I cannot thank you enough for this post. Thank you for always being so open and raw, it’s a beautiful thing ? This too shall pass, friend.
Also, as a person with high anxiety, I don’t deal with change well either. We have been excitingly on the house hunt for a few months and we found out this week that we got one we really wanted. Now, I’m freaking out about leaving our first house and all the renovations we did here, even though I know this next house is right. I read this at just the right time. Thank you thank you thank you ?
This. Exactly this. I feel this way sometimes daily. I don’t blog near as often as I should because quite honestly, I still don’t even really have one “blog worthy” space in my home. Because, like you, I bounce around and try to tackle something I CAN at that moment. It’s so hard living in a fixer upper. I get depressed as well and I feel like my life is one huge ball of mess and clutter. I’ve gotten rid of so many things I loved for the sake of space and my sanity. Sending you love and hugs and wish we lived close enough to grab a coffee and junk once a week for a nice break!
Love your blog and your style. When you are in the middle of a fixer upper you need to breath and remember that you are doing this because you like taking something that others view as a wreck and making it your kind of beautiful cozy home. You can’t expect perfection because you wouldn’t like it.!!! Enjoy the process -change your mind – move furniture – you are not on a timetable – you have a lifetime!!! Try to relax snd enjoy every chaotic, crazy minute – you won’t get that minute again. Everything always comes right my friend!!

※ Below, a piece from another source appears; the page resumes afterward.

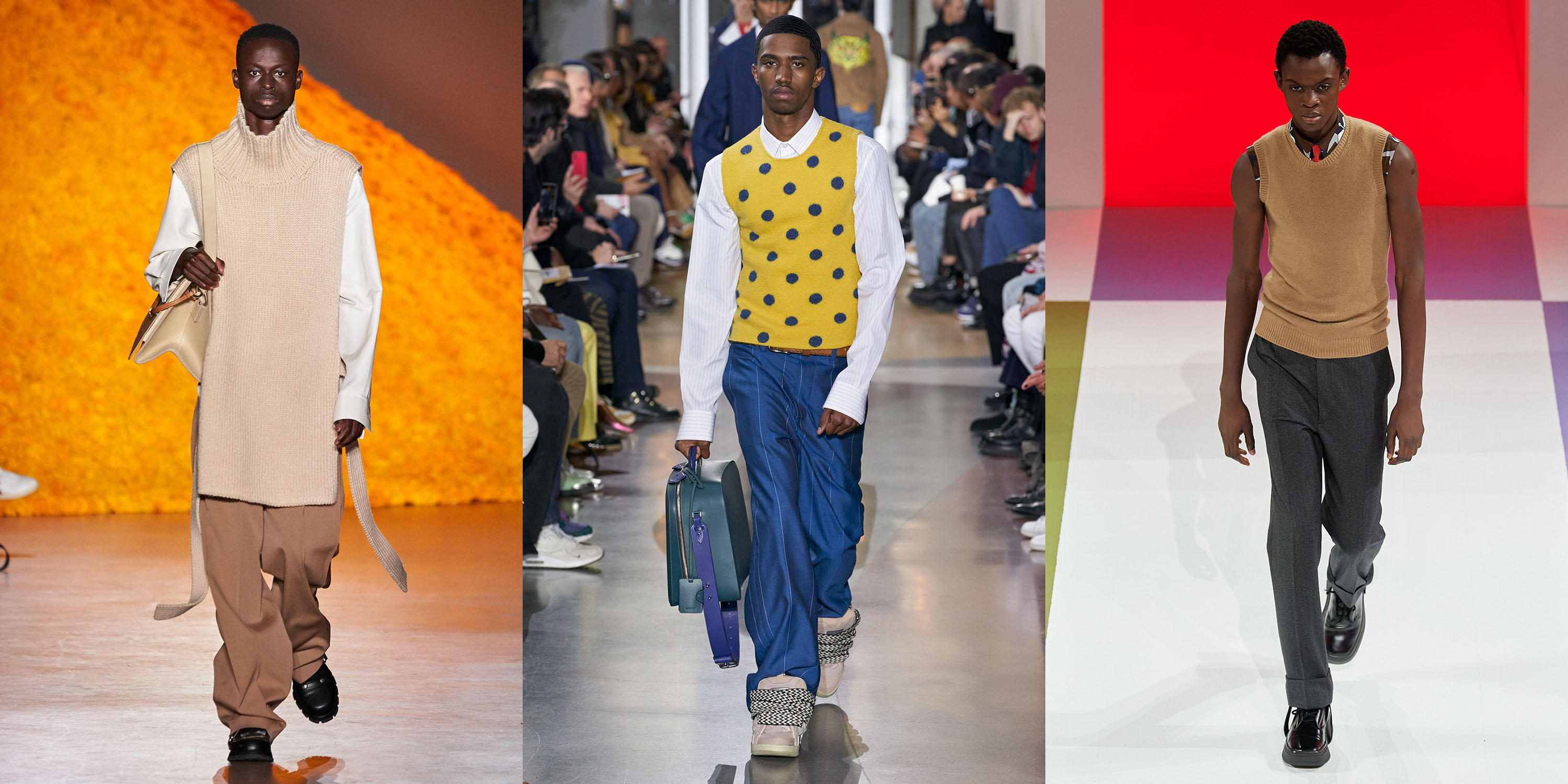 Jil Sander, Lanvin und Prada waren sich zumindest bei einem Kleidungsstück einig: Der Pullunder dürfte, mal klassisch kurz und eng wie bei Prada, mal lang und weit, wie bei Jil Sander, spätestens im kommenden Herbst den Weg in die Kleiderschränke finden. Im italienischen Modehaus trug man das besagte Stück mit ärmellosen, bunt gemusterten Hemden und zur geraden Stoffhose, Jil Sander kombinierte seine weitaus lässigeren Varianten jedoch zum weiten, langärmligen Hemd und ebenso lockeren Hose. Farbigere Varianten fand man bei Lanvin: Hier zeigte sich der gepunktete Pullunder in knalligem Gelb als Mittelpunkt.

So burnout is a real thing and I hate to tell you it doesn’t end. I’m a 56 year old who manages to get a fair amount done but always feel like I’m failing in some aspect. A couple years ago I was diagnosed with a lung condition that quite frankly some days kicks my butt. I too have a big event coming up at my house too, my first ever Thanksgiving with the whole family. I have been trying to finish projects so my house will look awesome, but I’m running out of time. Now I have messes everywhere, so I have asked for help. My mom and cousin are both going to help me and I am thankful for that. I think as women we strive for perfection that is sometimes unrealistic. Your house is beautiful and an inspiration, but I understand the feelings you are having. ( my kitchen was torn up for only 2 months can’t imagine longer). Give yourself a free day, go picking, to a favorite shop, or just a long drive and enjoy the scenery. It will help to step away for a day.
Oh, and for your pine floors….good old Johnson Paste wax. It takes some work but they will look amazing!
Thank you for being so transparent…it’s why you’re my favorite blogger. Thanks for the encouragement and beautiful inspirations. You are a blessing.